Set-SmbServerConfiguration –EnableSMB2Protocol $true
Email Access Online is a browser extension published by Polarity Technologies Ltd. That offers users quick and easy access to emails and weather reports. While this might sound interesting and useful, there is nothing this extension offers that cannot be solved with a few simple bookmarks.
While installed Email Access Online monitors the user's browser activity and records visited websites, clicked links, and bought products, this data is later used to serve partner ads if the user looks for the covered categories, additionally, it will hijack your new tab page, changing your search engine to Yahoo to allow easier ad placement.
Browsing the internet with this extension enabled will result in additional ad placement, pop-up ads, and sponsored links throughout your browsing sessions.

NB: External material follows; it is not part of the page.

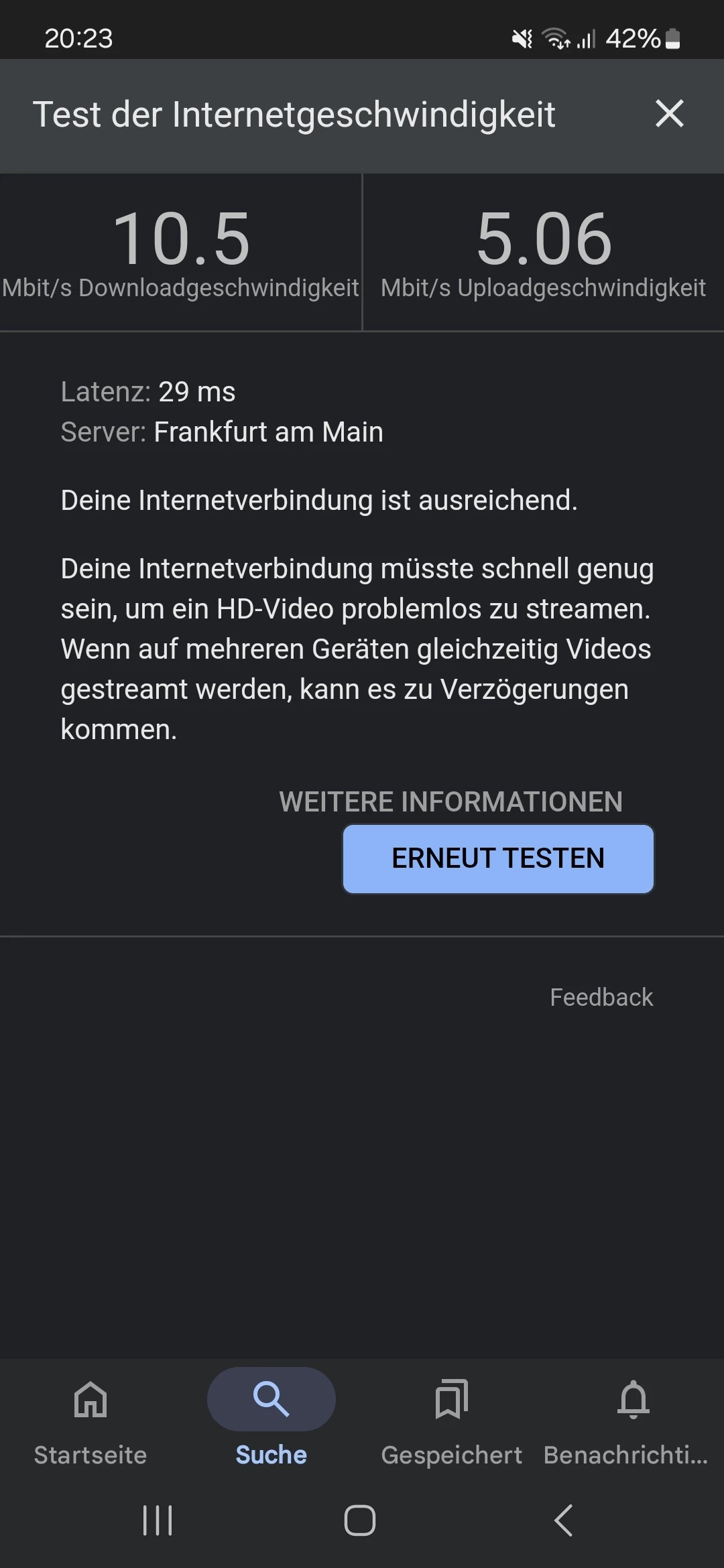 Die Geschwindigkeit ist momentan auch wieder gering. 15mbits download 47mbits upload.
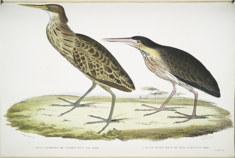 1. Cinnamon Heron, Ardea cinnamonea; 1. Yellow necked Heron, Ardea flavicollis.

Upon further investigation, it was discovered that this extension is a repack of MyEmailXP, which was a repack of Fast Email Checker. Due to its suspicious delivery methods and information gathering, several anti-virus scanners have marked this extension as a browser hijacker and it is recommended to remove it from your computer.
Problem signature: Problem Event Name: BlueScreen OS Version: 6.0.6002.2.2.0.16.7 Locale ID: 1033When the error occurs, the computer screen turns blue and the user is unable to view or access the program. It is advisable to fix the error right away, virtually because BSoD is a critical PC error, it can pose serious threats to your system.
You don’t need to hire a technician or be a computer whiz to resolve Blue Screen Locale ID1033 error code. Here are some methods that you can try to resolve this error on your PC. These methods are easy to perform and result-driven.